# Who rides Moto around this place? Lets see some pics of you throwing down?



## MircalGrow (Aug 21, 2013)

As the title says, where are all the Moto, woods, trail riders at? Anything with two wheels and in the dirt! Lets see some pics of us fellow Moto heads throwing down big nasty whips (trying at least) and raiiling ruts! 

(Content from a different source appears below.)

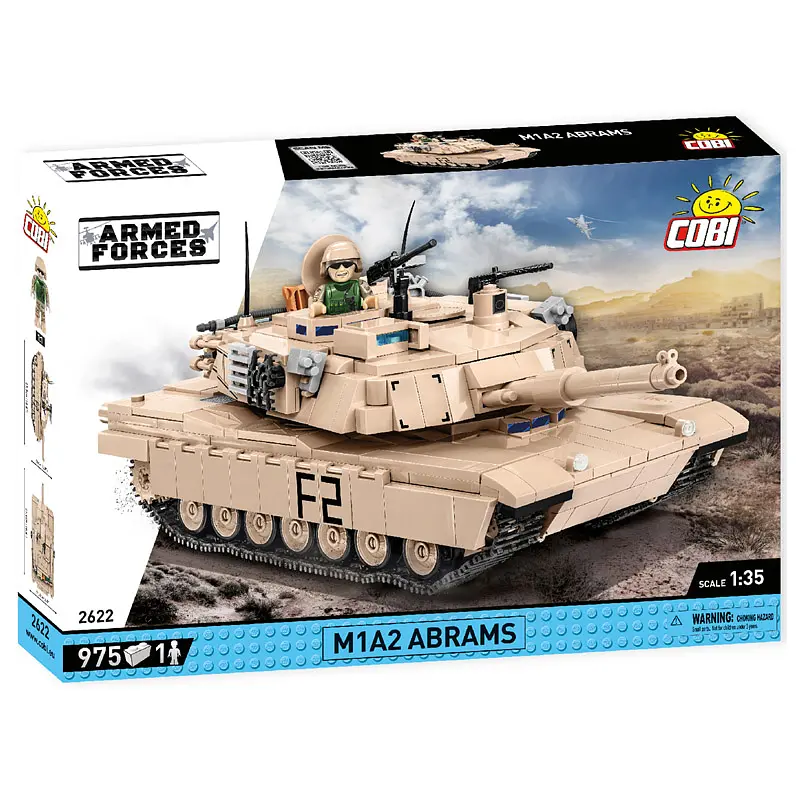 Конструктор Cobi позволяет построить танк Abrams в версии M1A2, разработанный по лицензии General Dynamics Land Systems. Макет был воспроизведен в масштабе 1:35. Последняя версия этого танка еще более детализирована. Это стало возможным благодаря использованию новых блоков из постоянно растущего каталога элементов, созданного Cobi. Модель имеет только качественные принты, которые не стираются при использовании. Машина имеет рабочие гусеницы и открываются люки для размещения экипажа. Башня и ствол машины подвижны. Под съемным служебным люком расположен двигатель. Танк "Абрамс" пополнился такими аксессуарами, как запасные гусеницы, боеприпасы и два пулемета.
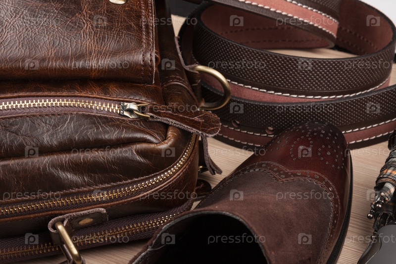 Шикарные классические коричневые туфли, ремень, зонтик и портфель на деревянном полу

[video=youtube_share;DIzinPJAqpk]http://youtu.be/DIzinPJAqpk[/video]


----------



## pghdave420 (Aug 21, 2013)

back in my days of racing 05-07 .i still ride i got the same quad its a 2005 450r.and i got my 2001 wr 426 thing wont die lol


----------



## MircalGrow (Aug 22, 2013)

Lol! The yamaha's heads are very dependable. Four wheelers scare me always pitching side to side in ruts. Lol That pic of the crash on the star sucked.


----------



## RPM371 (Sep 1, 2013)

I used to ride 250cc class motocross, but all the kinescopes were lost in a fire.


----------



## Greenwhilley (Sep 1, 2013)

I go from moto or enduro to road every 12 or so months. When I can afford it ill have both.
this is my current toy.


----------



## ricky1lung (Sep 1, 2013)

I ice raced on a road course, riding different bikes in different classes. Yz426, Yz250f and an old dog Dt400.


----------



## BuzzD2Kill (Sep 1, 2013)

http://www.youtube.com/watch?v=VZSAfP8I6HE&feature=c4-overview&list=UUa6UBMKgcn9g4bziqLFVezA


----------



## BuzzD2Kill (Jul 29, 2014)

Six year old son grinding it up in the hot sun.


----------